= ISO 22715 =

Standard for cosmetics

The ISO 22715 standard Cosmetics — Packaging and labelling provides guidelines for manufacturers in the best practices for cosmetic packaging and labelling of all cosmetic products. This standard applies to products that fall under the category of cosmetics that are sold or given away as free samples. ISO 22715 was initially published in April 2006.

==Description==

The intent of Standard ISO 22715 is to specify how cosmetic products should be packaged and labeled to maintain a certain level of standards within the cosmetic industry. This standard applies to cosmetic products whether the product is sold or given away. It is one of 26 published standards that are devoted to the cosmetic industry sector.

ISO 22715 does not regulate what products are to be considered cosmetic. This determination is left to the national regulations of those countries that follow the ISO 22715 and use it as a guide to best practices for packaging and labeling cosmetic products. Often, these national regulations are stricter than those provided in the standard.

==Labeling specifications==

ISO 22715 supports the need for consumers to know what is in the cosmetic products they purchase, how those products should be used and who has manufactured the products. To accomplish this, 22715 specifies that a product's packaging should show certain information such as the ingredients used in the product listed in descending order according to the percentage of each ingredient in the product. A list of coloring agents used in the product then follows the list of ingredients.

For safety purposes, ISO recommends including an explanation of what the product function is on the package, along with instructions for its use. Any precautionary or warning statements should also be printed on the package to caution consumers in the use of said product. Additional information that should appear on the packaging of cosmetic products includes:

- Manufacturer's name and address
- Date of manufacture or batch number that can be used to identify the product
- Product's weight or volume at the time it was packaged
- Recommendations for storage of the product
- ISO 22715 provides guidelines to be followed in how that information should appear on the packaging. If applicable, requirements are provided for primary and secondary packaging.

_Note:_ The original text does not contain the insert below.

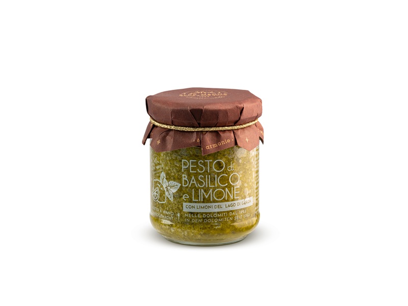 Olio EVO italiano, formaggio stagionato (latte, sale, caglio), basilico fresco italiano 20%, limoni freschi del Garda 13%, pinoli, amido di mais, acido lattico vegetale, buccia di limone SENZA CONSERVANTI E SENZA GLUTINE.

==Relevance of ISO standards==

The International Organization for Standardization (ISO) was formed in 1947. It is a non-governmental organization (NGO) that is based in Geneva, Switzerland. The ISO has 162 members and the organization represents the interest of international standards of 196 countries. This represents almost 97 percent of the world's population.

The ISO's purpose is to create standards that are used to help form public policies and business objectives that benefit people throughout the world. Since May 2016, there has been over 21,500 ISO standards published. The ISO develops new standards when industry sectors and their stakeholders determine that a need exists. The standards are developed under the oversight of the ISO through cooperative efforts between other NGOs, consumer organizations, representatives from government agencies, academics and testing laboratories.

==Legal relevance of ISO 22715==

ISO 22715 is not legally binding, but it is the common denominator used for developing national regulations that address the labeling and packaging of cosmetic products. Regulators in individual countries often look to ISO standards as the benchmark for best practices for the different industry sectors in which they apply. Many regulators require businesses and manufacturers to comply with applicable ISO standards, in addition to local regulations.

Currently, there are 26 published ISO standards devoted to the cosmetic sector, including ISO 22715. These standards are overseen by the ISO's cosmetic product technical committee that was established in 1998. This committee is composed of standardization bodies from major markets, such as leading ASEAN countries, most European countries and the United States via ANSI. Thirty-nine countries participate in the creation of standards for cosmetic products, with 27 observing countries within the committee.

To better distribute and update standards as needed, the ISO maintains the copyright on its standards. Most standards are reviewed and updated every five to seven years to remain relevant to the latest technologies within industry sectors.

==ISO 22715 and local regulations==

Often, local regulations may exceed the requirements specified in ISO 22715. In the United States, the Food & Drug Administration (FDA) regulates the cosmetic industry with standards that are provided by the American National Standards Institute (ANSI), in which the FDA is member.

In the European Union, cosmetic manufacturers must abide by Regulation (EC) No. 1223/2009 Article 19 for the labeling of cosmetic products.